Obesity Care

Childhood Obesity CHD Risks Might Be Reversible

Childhood obesity’s cardiovascular consequences might be reversible with timely intervention, after a Swedish study demonstrated that children who were overweight but achieved normal weight by young adulthood had similar coronary heart disease risk to their “never-overweight” peers.

  • Childhood obesity is often tied to adult CHD, but whether these risks were permanent remained unclear.
  • So it’s important to understand when the critical windows for intervention are and whether or not obesity timing affects long-term cardiovascular outcomes.

The BMI Epidemiology Study analysis linked health records to nationwide registries for 103k people in Sweden to track their BMI changes from childhood through young adulthood and examined CHD outcomes over a mean 37.8-year follow-up.

  • Childhood overweight BMIs (HR 1.15) and young adult overweight/obese BMIs (HR 1.71) each led to increased CHD risk (5.6% of individuals ultimately experienced CHD).
  • Children who were overweight but achieved normal weight by young adulthood had CHD risk equivalent to those maintaining normal weight at both timepoints (HR 0.98), bringing their risk back to normal as well.
  • Obesity during puberty carried significantly greater CHD risk than long-term childhood obesity (HR 1.23), indicating timing of weight gain matters beyond duration.

It’s worth noting that this longitudinal study did not include lifestyle factors, but it still lends support to the importance of reversing unhealthy weight trends in children as soon as possible since developmental changes can rapidly increase risk.

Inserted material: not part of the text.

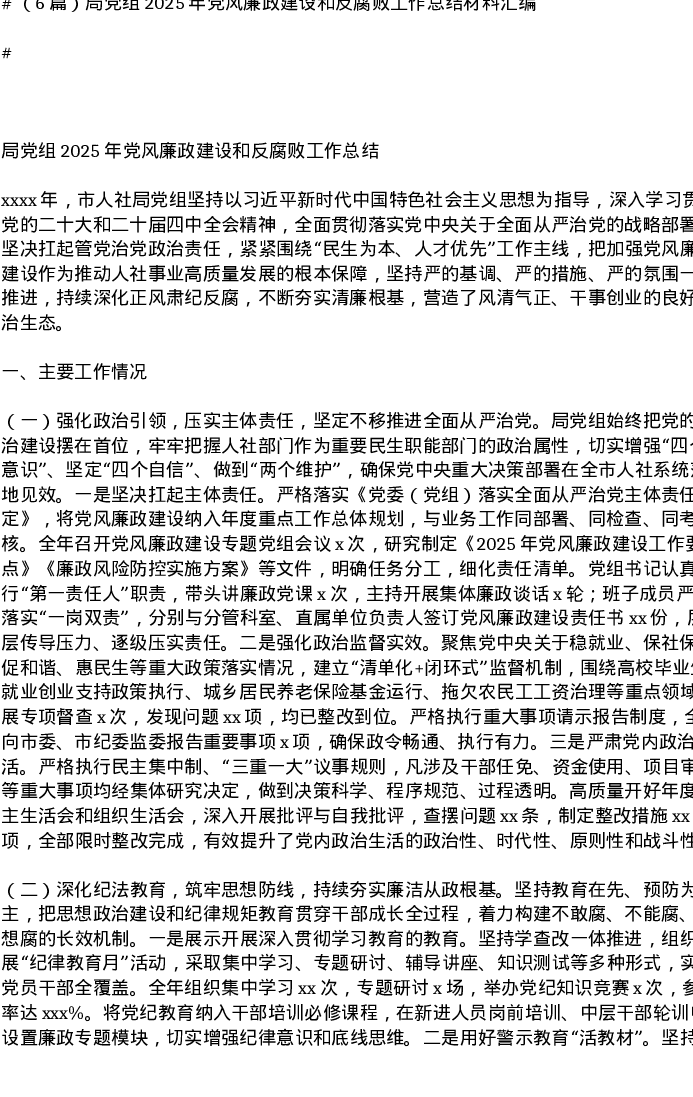 汇编:局党组2025年党风廉政建设和反腐败工作总结6篇

  • For example, the high CHD risk caused by obesity during puberty likely has ties to the way children’s hormones work.
  • This is also supported by earlier research on teenage BMI changes that found increased stroke, heart failure, cardiovascular death, and coronary atherosclerosis risks.

Given that getting back to a normal weight by young adulthood also returned individuals to a normal CHD risk level, the findings support aggressive childhood obesity intervention as a window to prevent lifelong cardiovascular disease burden.

The Takeaway

It used to be assumed that childhood obesity was devastating for a person’s long-term health, but this study tells us that may not be the case, at least when it comes to coronary heart disease. It’s also a reminder that it’s never too late or too early to maintain a healthy weight.